I see that the underlying execute_sql call (which is highlighted in the second image above) takes around 1.1 milliseconds. This is the RPC that is actually executing the query on Spanner's backend.

To explain why this is higher than PostgreSQL (and why it's higher than the reported execution time in Spanner): Latency with Spanner is generally a little higher than with a dedicated PostgreSQL database. This is a side effect of Spanner's design decision to be, first and foremost, a distributed database. Tracing the network path to your PostgreSQL instance is quite a reasonable thing to do -- your PG instance is a single computer (or VM) in a single datacenter somewhere, with a single IP address associated with it, etc. But even the smallest 100PU Spanner database has active-active replication between at least three separate zones, any one of which is equally equipped to service queries. And many Spanner databases have hardware around the continent or around the world. Which of those machines is best equipped to answer your query right now? In practice, this means more routing logic and more network hops, which adds latency. The reported execution time above is just time spent actually running the query inside of the Spanner node in question. It omits routing overhead, which is important for performance-tuning, but which for example is generally irrelevant to instance sizing.

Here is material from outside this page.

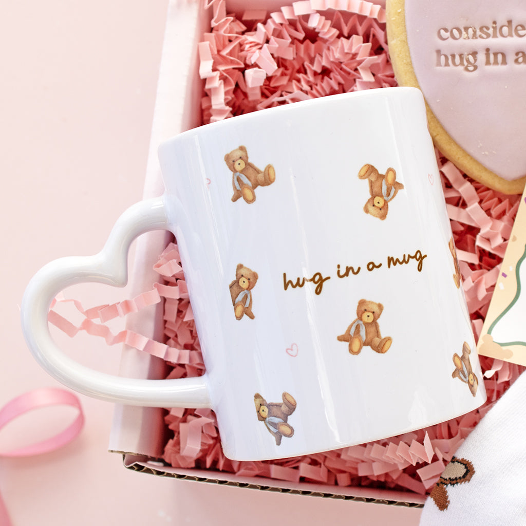 - "Hug in a mug" Heart Handle Bear Print Mug

Now, what about the remaining 20-odd milliseconds?

Is your test case establishing the initial connection and session to the database before, or during, the 30-100ms window? PostgreSQL uses an eagerly-established raw TCP connection -- it's relatively lightweight, but it runs into scalability problems if you want to manage hundreds or thousands or more sessions from a single client. Customers often end up implementing connection pooling, which adds overhead. Spanner uses gRPC, and Spanner's client has a gRPC connection pool (and gRPC multiplexing, and a Spanner session pool) built in. So with Spanner, that one-time setup cost is hidden inside our client. However, all of this is handled by a mostly-C++ library in the background, so the first few issued statements may appear slow while the pool is spinning up.
How many times are you running the query? As compared to PostgreSQL, Spanner's query planner is fairly expensive. However, it performs query-plan caching (based on the raw query string). I would strongly recommend using prepared statements with Spanner for this reason, for any complex code in production. I'm not certain which query from the tutorial you're trying out, but the first SELECT statement in the tutorial does not use prepared statements because they're a little more complex and it's trying to make the first getting-started example as simple as possible. Moreover, for any benchmarking use case, I'd consider running the query a bunch of times in isolation in order to warm up Spanner's caches (such as the query-plan cache) in all involved data centers.
I'm not totally clear based on the traces above -- how much time is spent actually waiting on Spanner, vs in CPU on the client side? Python is not the fastest language :-) I've frequently seen, with a variety of different DBMS's, a relatively small client-side code change cause the Python interpreter to spend much more CPU on the client side reading the result of a query over the network, than the server spent executing the whole query. Spanner's Client has more client-side logic than those of many other database engines (for various reasons partly including those discussed above) so we have occasionally seen folks running into issues in this space. We also see this in ORMs or other third-party code (which we unfortunately don't always control), where they don't recognize Spanner so use some default slower fallback implementation. If you have a specific example where this is the problem, we'd be interested in seeing more details.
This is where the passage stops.